More often than not, any individual economic development corporation will operate within one individual city as their respective region. Economic development corporations and agencies are a part of every state government and many local-level governments as well. Economic development corporations work very similarly to Chambers of Commerce, often working in a complementary capacity. These corporations are quite common in the United States, and are typically structured as a 501(c)(3) non-profit. Occasionally, economic development corporations may also be a branch of a government division that acts in the same way, instead of being an official 501(c)(3).
Many of the services that economic development corporations develop include but aren’t limited to:
- Providing advice, guidance and resources for people starting up new businesses within the corporation’s territory
- Offering financial assistance to businesses with grants, loans and tax-exempt bonds
- Assistance with site selection and determining business locations within a community
- Recruitment of new employees for businesses and providing assistance with job training
These services provide invaluable resources for business owners, many of whom would not have executed in starting up their business without such guidance. Many of the services can provide a “safety net” for business owners to ensure that their businesses are operating in ways that can lead to additional profits, which will allow for growth in output and employment.

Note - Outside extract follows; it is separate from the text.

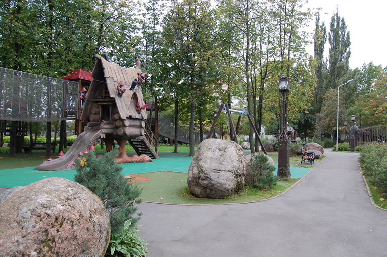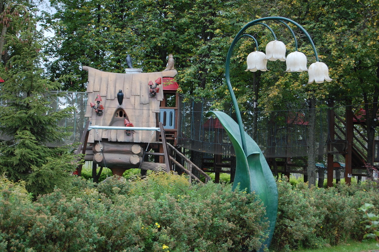 Это лишь небольшая часть парка, в котором живут говорящие гусеница, черепаха и дракон, можно абсолютно бесплатно покататься на карусели, посидеть на троне самого Кащея Бессмертного, найти ступу с Бабою Ягой и посидеть в домике Незнайки и его друзей.
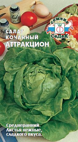 Среднеранний (45-55 дней) сорт кочанного салата с маслянистой консистенцией листьев, для открытого грунта и пленочных укрытий. Кочан средней плотности, массой 100-200 г. Листья светло-зеленые, гладкие, нежные. Вкус сладкий. Ценность сорта: дружное формирование урожая, высокие товарные качества. Рекомендуется для употребления в свежем виде, использования в различных салатах.Характеристики

Part of the function of an economic development corporation is to establish an economic base for their respective region. By establishing an economic base, an economic development corporation is able to analyze the data collected and determine which areas need particular focus in order to bring more money into a particular region. The focus is to increase exports and employment. In this case, exports are not viewed as necessarily international, but simply products or services which can be consumed by customers outside of a local region, which even at the level of small communities, is important for bringing new money into an economy. Without exports, an economy may only recycle the same money over and over again, which causes no growth. Once an economic base is established and certain industries become a focus for economic development, working to attract related businesses is one smart way to increase a community’s employment, which also increases a company’s output, leading to higher exports. Many industries, such as manufacturing, tourism, technology and artisanship, lead to exports more easily than others. Playing to a community’s strengths is what is important. It is also important to decide whether to seek to attract existing businesses looking to expand into new locations or foster entrepreneurship in local industry professionals who may end up forming new companies. With these tools and with a helpful array of services, economic development corporations work to keep the economy of their region growing year after year.